Five Nights at Freddy's: The Silver Eyes(59)
The whole book was like that, the first memories of a happy family who expected there to be many more. They were not arranged chronologically, so Charlie and Sammy appeared as toddlers, then as newborns, than at various stages in between. Except on formal occasions when Charlie was put into a dress—of which there seemed to be few—it was impossible to tell which baby was which. There were no traces of Fredbear’s Family Diner.
Near the back of the book, Charlie came to a Polaroid of her and Sammy together, infants bright red and squalling on their backs, wearing nothing but diapers and hospital wristbands. On the white space below the picture, someone had written: “Momma’s Boy and Daddy’s Girl.”
The rest of the pages were blank. Charlie went back again, opening at random to find a strip from a photo booth, four shots of her parents alone. They smiled at each other, then made faces at the camera, then laughed, missing the chance to pose and blurring their faces. Last they smiled into the lens. Her mother was beaming happily at the camera, her face alight and flushed, but her father was staring into the distance, his smile fixed on his face as if he had left it there by mistake. His dark eyes were intense, remote, and Charlie resisted a sudden urge to look behind her, as if she might see whatever it was he was looking at. She peeled back the cellophane from the album’s page and took the strip out, then folded it in half, careful to place the crease between pictures, leaving them intact. She slipped the pictures into her pocket, and looked at John, who was watching her again, as if she were some kind of unpredictable creature he needed to be careful around.
“What?” She said.
“Charlie, you know I don’t think he did it, right?”
“You said that.”
“I’m serious, it’s not just what Carlton’s dad said. I knew him, as well as a kid can know some other kid’s dad—he wouldn’t do it. I wouldn’t believe it.” He spoke with calm certainty, like someone who believed that the world was made out of facts and tangible things, and that there was such a thing as truth. Charlie nodded.
“I know,” she said. She took her next breath slowly, gathering the words she would speak with it. “But I might.” His eyes widened, startled, and she looked up at the ceiling for a minute, briefly trying to remember if all the cracks had been there when she was a child.
“I don’t mean I think he did it; I don’t think that,” she said. “I don’t think about it at all, I can’t. I shut the whole thing off in my mind the day I left Hurricane. I don’t think about Freddy’s; I don’t think about what happened; and I don’t think about him.”
John was looking at her like she was monstrous, like what she was saying was the worst thing he had ever heard.
“I don’t understand how you can say things like that,” he said quietly. “You loved him, how can you even consider the possibility that he would do something so terrible?”

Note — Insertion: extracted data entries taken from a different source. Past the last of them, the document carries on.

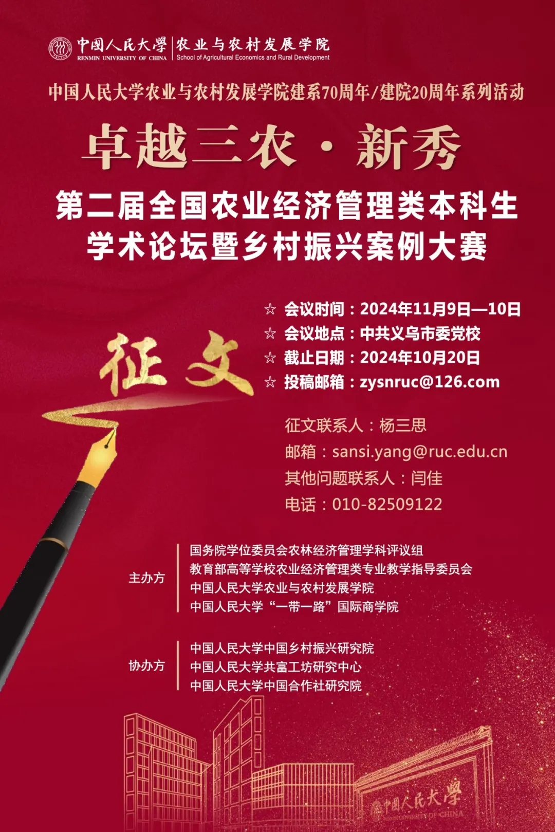 “卓越三农·新秀”全国农业经济管理类本科生学术论坛暨乡村振兴案例大赛是在教育部高等公司农业经济管理类专业教学指导委员会、国务院学位委员会农林经济管理学科评议组的指导下,由中国人民大学农业与农村发展公司主办的高端学术论坛,旨在为广大学子提供一个具有“三农特色”的学术交流平台。首届全国农业经济管理类本科生学术论坛暨乡村振兴案例大赛于2022年举办,吸引了来自全国36所高校的百余名本科生、研究生以及数十位评委专家参与,其中,12篇优秀论文、9篇优秀案例脱颖而出,获得表彰。为深入贯彻落实习近平总书记关于“三农”工作的重要论述和重要指示批示,宣传学习党的二十届三中全会和中央“一号文件”精神,第二届全国农业经济管理类本科生学术论坛暨乡村振兴案例大赛将于2024年11月初在浙江省义乌市举办。本届活动将设立多个主题专场,届时将邀请国内外知名专家学者担任评委,对参赛作品进行点评和讨论。其中,学术论坛重点面向本科生,旨在培养和鼓励本科生就农林经济管理学科领域发展前沿热点问题进行学术报告;案例大赛同时面向本科生和研究生,以实践问题为导向、以案例分析为形式,旨在引导本学科员工聚焦“三农”现实,通过实地调研、访谈等把论文写在祖国大地上,形成高质量的案例作品。两者均采用现场汇报的形式进行交流分享,由专家评委点评讨论后遴选出若干优秀论文及优秀案例。
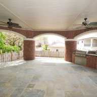 - A backyard patio complete with blue stone tiles and a barbecue setup
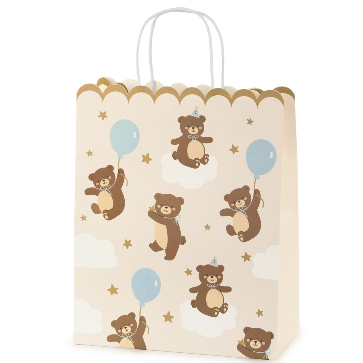 Τσάντα δώρου με χαριτωμένο σχέδιο αρκουδάκι που κρατάει γαλάζιο μπαλόνι, ιδανική για να συσκευάσετε τα δώρα των καλεσμένων και να προσθέσετε μια γλυκιά πινελιά στα γενέθλια ή την βάπτιση!

“Even the people who do terrible things have people who love them.” Charlie was looking for words. “I don’t think he did it, I’m not saying that,” she said again, and again the words hit the air as flimsy as paper. “But I remember him dressing up for us in the yellow Freddy suit, doing the dances, miming along with the songs, it was so much a part of him. He was the restaurant, there was no one else. And he was always so distant, like in that picture; there was always something else going on beneath the surface. It was like he had a real life, and a secret life, you know?”
John nodded and looked about to speak, and Charlie rushed on before he could.
“We were the secret life. His real life was his work; it was what mattered. We were his guilty pleasure, the thing he got to love and sneak away to have time with, something he kept hidden away from the dangers of what he did, of his ‘real’ world. And when he was with us, there was always a part of him that was back in reality, whatever that was for him.”
Again John opened his mouth, but Charlie snapped the photo album shut, stood up, and left the room. John didn’t follow right away, and as she traversed the short hall to her father’s bedroom she could almost hear him making up his mind. Not waiting for him, she went to the bookshelf, wanting to get the book out of her hands, like maybe if it were closed up and put away, her mind, too, would return to its normal order. It would not fit, and she dropped to her knees to get a better angle, trying to jam the thing back where it belonged, get it out of her hands. The shelf seemed to have shrunk, sunk down while she was gone, so that it could never be returned, never put right.
With a cry of frustration, Charlie shoved the photo album in as hard as she could. The shelf rocked back and then forward, and a sudden mass of papers and file folders tumbled from above her. Charlie began to cry as pages drifted down around her, covering the floor like snow as she wept. Swiftly, John was there.
He knelt down with her in the delicate wreckage, clearing papers away as quickly as he could without tearing them. He put a hand on her shoulder carefully and she did not move away; he pulled her close and held her, and she hugged him back, gripping so tight it she knew she must be hurting him, but she could not let go. She sobbed harder, as if being held, being contained, had made it safe to let go. Long minutes passed; John stroked her hair and Charlie still cried, her body shaking with the force of it, shuddering like she was possessed. She was not thinking of what had happened, not flitting from one memory to the next to mourn for them all—her mind was all but blank. She held nothing, was nothing, but this feeling of wracking sobs. Her face was sore with tension, her chest hurt like all her pain was being forced out through its wall, and still she cried as if she would cry forever.